§ **Exercise objective**:
Lines in the listing below may contain the string "Tarnogród". Say how many do, giving only the number.

----------

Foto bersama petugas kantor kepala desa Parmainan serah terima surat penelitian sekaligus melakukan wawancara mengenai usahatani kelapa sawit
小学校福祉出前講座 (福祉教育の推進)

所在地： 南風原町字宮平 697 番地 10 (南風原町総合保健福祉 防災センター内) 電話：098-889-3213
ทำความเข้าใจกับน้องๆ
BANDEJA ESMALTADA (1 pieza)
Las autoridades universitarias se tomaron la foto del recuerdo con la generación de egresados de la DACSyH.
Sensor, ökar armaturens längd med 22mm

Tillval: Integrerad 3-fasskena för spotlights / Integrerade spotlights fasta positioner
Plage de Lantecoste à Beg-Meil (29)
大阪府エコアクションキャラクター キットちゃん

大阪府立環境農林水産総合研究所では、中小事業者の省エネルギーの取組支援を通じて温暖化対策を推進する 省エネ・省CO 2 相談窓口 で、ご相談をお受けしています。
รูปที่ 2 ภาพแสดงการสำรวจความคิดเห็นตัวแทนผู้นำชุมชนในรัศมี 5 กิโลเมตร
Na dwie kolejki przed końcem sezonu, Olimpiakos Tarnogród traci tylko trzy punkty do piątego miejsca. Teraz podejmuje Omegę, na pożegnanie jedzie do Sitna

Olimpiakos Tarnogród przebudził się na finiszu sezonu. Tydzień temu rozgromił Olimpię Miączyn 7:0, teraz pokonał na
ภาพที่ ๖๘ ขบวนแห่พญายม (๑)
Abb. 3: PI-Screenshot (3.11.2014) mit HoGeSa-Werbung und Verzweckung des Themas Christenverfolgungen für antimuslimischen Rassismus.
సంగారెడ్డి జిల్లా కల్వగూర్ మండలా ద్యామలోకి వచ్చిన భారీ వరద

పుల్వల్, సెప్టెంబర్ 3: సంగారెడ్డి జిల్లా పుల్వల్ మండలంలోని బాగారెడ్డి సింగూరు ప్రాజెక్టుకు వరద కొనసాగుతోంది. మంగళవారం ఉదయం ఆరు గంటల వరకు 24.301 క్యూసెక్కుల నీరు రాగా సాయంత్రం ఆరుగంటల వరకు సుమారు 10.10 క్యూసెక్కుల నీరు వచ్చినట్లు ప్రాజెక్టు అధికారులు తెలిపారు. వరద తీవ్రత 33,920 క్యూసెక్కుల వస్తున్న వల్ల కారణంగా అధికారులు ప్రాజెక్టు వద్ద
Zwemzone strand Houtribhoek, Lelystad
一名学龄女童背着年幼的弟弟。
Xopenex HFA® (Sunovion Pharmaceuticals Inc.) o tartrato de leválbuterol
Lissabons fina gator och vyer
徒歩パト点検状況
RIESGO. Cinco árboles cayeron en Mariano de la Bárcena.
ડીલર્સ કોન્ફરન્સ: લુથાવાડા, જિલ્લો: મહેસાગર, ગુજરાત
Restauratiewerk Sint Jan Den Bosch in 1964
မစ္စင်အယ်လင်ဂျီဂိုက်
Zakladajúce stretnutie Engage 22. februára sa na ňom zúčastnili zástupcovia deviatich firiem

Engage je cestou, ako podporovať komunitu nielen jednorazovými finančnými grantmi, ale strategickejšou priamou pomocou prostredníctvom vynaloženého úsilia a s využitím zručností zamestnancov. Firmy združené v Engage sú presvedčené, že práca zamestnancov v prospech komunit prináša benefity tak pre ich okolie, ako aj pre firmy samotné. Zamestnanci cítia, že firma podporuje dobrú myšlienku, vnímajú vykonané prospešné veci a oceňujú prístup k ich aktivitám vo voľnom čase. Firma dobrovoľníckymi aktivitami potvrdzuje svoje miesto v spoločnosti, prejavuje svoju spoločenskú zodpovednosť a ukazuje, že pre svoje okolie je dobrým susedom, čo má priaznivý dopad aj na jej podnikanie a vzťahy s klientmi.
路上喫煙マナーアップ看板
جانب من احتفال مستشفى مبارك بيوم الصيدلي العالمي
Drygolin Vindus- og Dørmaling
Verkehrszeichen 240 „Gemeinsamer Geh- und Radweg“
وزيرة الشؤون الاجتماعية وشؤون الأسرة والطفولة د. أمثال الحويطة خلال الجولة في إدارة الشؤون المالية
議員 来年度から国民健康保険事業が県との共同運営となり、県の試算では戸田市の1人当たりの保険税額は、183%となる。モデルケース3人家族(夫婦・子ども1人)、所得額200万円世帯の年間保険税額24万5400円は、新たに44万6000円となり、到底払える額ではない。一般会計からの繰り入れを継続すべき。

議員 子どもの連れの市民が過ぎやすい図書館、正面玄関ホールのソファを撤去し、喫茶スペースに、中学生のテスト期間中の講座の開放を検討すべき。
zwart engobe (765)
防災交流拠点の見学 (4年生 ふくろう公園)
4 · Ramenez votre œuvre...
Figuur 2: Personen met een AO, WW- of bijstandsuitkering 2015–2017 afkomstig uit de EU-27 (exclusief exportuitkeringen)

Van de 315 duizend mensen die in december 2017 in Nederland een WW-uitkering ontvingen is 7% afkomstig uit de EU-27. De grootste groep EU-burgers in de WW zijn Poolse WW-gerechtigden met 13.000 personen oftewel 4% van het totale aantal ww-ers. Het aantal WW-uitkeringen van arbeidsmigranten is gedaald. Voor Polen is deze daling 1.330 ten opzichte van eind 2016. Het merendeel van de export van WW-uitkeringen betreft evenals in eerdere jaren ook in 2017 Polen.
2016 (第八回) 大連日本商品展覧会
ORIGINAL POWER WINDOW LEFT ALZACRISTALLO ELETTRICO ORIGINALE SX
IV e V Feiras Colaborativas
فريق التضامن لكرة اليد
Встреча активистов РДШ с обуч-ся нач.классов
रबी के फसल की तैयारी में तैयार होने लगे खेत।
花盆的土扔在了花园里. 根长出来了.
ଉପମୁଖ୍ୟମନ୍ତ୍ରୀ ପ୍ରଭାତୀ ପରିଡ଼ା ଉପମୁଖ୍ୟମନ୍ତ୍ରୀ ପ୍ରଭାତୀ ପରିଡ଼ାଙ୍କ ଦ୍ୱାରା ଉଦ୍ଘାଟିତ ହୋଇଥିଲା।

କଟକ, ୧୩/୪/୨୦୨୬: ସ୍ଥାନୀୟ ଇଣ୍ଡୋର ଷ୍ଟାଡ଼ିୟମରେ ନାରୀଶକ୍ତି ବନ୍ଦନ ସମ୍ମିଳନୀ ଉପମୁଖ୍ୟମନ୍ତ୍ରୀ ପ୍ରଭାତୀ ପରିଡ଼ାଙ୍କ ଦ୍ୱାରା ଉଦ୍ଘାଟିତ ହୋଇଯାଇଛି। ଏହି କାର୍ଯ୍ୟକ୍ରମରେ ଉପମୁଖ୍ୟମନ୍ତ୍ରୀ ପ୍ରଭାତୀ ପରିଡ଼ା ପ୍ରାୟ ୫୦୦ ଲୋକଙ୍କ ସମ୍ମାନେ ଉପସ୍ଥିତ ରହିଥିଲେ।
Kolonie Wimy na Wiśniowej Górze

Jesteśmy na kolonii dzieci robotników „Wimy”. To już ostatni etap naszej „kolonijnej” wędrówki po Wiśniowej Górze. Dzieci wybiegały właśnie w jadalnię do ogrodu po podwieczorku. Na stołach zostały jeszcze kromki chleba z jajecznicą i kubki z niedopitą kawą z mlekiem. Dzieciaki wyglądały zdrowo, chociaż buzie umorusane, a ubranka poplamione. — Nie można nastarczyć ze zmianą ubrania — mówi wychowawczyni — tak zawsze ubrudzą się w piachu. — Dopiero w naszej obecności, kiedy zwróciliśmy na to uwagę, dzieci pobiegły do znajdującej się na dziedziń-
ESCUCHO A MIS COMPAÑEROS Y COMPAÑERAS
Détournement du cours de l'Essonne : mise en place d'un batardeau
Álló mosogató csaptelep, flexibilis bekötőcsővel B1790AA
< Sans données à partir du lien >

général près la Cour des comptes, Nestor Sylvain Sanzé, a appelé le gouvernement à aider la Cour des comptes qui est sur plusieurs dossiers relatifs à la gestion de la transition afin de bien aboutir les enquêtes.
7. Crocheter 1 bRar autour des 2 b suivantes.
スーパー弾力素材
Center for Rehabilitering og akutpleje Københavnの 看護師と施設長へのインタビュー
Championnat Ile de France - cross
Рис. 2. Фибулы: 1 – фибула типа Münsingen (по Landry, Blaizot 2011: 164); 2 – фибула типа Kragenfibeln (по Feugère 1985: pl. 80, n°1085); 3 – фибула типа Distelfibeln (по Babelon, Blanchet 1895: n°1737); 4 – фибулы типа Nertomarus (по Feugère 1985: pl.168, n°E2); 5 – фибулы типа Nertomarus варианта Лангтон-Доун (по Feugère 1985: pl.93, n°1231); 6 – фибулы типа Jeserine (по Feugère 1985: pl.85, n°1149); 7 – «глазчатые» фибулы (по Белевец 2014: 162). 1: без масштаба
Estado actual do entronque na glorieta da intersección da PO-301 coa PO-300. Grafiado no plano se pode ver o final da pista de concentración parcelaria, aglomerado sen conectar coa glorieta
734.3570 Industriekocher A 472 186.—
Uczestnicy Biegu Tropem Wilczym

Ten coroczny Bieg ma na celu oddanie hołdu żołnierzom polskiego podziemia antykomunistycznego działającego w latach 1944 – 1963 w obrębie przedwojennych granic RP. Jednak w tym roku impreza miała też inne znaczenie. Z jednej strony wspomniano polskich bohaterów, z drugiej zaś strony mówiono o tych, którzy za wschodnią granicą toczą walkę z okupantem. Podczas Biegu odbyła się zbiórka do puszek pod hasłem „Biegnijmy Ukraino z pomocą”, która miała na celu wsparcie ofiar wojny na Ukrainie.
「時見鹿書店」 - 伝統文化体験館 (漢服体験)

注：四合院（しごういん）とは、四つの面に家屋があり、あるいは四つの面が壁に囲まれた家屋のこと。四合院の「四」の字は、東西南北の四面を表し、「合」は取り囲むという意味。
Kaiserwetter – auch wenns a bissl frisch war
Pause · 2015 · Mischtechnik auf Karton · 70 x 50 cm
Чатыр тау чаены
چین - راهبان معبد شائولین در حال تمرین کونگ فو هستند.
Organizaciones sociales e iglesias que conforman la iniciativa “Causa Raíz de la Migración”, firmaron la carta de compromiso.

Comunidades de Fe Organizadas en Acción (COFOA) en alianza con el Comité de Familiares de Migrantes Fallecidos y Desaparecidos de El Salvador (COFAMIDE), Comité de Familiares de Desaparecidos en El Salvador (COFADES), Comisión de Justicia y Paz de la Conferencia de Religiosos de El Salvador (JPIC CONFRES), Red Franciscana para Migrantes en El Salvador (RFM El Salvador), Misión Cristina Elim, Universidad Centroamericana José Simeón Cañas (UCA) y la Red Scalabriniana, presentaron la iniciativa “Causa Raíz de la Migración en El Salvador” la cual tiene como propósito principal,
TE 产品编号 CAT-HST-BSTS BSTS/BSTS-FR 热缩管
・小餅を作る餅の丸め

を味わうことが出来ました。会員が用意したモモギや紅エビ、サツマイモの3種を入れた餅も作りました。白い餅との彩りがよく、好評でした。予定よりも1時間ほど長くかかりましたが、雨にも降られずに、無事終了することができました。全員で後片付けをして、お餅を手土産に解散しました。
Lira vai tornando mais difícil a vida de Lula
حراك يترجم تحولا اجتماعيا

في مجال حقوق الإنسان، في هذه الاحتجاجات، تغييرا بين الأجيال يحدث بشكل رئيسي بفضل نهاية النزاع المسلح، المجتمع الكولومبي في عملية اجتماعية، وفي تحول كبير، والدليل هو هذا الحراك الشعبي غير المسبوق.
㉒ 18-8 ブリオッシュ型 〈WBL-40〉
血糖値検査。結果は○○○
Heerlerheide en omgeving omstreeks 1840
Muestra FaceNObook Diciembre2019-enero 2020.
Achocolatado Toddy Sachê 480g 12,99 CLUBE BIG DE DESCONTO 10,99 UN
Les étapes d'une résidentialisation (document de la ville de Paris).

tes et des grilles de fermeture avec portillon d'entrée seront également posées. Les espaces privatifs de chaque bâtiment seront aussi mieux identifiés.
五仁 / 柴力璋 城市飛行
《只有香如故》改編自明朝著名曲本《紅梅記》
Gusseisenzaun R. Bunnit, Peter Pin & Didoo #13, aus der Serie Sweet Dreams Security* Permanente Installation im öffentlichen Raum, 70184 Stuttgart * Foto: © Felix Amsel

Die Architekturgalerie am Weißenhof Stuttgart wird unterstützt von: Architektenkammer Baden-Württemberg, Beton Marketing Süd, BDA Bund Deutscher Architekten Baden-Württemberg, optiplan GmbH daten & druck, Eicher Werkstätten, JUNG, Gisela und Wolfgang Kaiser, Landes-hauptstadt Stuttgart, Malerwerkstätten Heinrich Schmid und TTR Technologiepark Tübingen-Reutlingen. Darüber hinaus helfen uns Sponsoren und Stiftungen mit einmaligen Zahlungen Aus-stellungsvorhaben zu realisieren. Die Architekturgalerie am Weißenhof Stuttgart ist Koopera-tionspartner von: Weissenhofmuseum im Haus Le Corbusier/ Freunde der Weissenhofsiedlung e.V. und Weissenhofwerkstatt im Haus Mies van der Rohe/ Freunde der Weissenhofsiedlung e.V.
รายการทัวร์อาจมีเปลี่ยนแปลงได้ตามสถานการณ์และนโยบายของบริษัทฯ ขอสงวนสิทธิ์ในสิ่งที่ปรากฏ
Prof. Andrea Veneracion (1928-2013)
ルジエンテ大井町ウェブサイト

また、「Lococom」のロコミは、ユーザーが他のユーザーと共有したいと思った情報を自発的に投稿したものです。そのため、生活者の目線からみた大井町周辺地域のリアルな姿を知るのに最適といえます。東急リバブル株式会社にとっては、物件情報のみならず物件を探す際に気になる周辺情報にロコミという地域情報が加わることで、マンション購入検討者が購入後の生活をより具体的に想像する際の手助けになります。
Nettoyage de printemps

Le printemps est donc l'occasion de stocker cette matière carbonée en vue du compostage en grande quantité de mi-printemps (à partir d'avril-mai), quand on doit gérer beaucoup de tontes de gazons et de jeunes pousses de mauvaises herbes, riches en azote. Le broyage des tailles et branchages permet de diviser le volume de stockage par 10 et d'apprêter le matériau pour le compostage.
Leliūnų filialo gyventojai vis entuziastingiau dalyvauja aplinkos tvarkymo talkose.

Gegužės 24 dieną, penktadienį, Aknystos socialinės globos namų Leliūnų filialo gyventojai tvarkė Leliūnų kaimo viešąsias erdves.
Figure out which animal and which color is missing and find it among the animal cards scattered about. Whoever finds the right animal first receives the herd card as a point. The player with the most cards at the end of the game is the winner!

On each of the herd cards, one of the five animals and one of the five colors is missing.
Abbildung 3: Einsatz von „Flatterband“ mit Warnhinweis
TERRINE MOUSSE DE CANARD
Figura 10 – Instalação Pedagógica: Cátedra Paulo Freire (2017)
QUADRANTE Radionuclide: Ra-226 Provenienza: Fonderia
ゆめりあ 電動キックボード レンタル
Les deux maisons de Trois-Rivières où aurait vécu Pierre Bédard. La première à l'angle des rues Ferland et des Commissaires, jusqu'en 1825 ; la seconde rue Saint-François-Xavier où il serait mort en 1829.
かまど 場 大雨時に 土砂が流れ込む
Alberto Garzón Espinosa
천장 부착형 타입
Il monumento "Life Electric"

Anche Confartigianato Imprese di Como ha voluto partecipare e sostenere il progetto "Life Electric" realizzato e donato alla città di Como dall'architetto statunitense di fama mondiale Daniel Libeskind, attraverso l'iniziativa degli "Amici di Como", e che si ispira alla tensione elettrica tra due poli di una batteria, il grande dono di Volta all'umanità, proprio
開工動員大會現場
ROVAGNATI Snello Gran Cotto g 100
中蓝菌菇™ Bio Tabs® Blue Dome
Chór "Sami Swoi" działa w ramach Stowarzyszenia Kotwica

----------

§ **Response area**:
2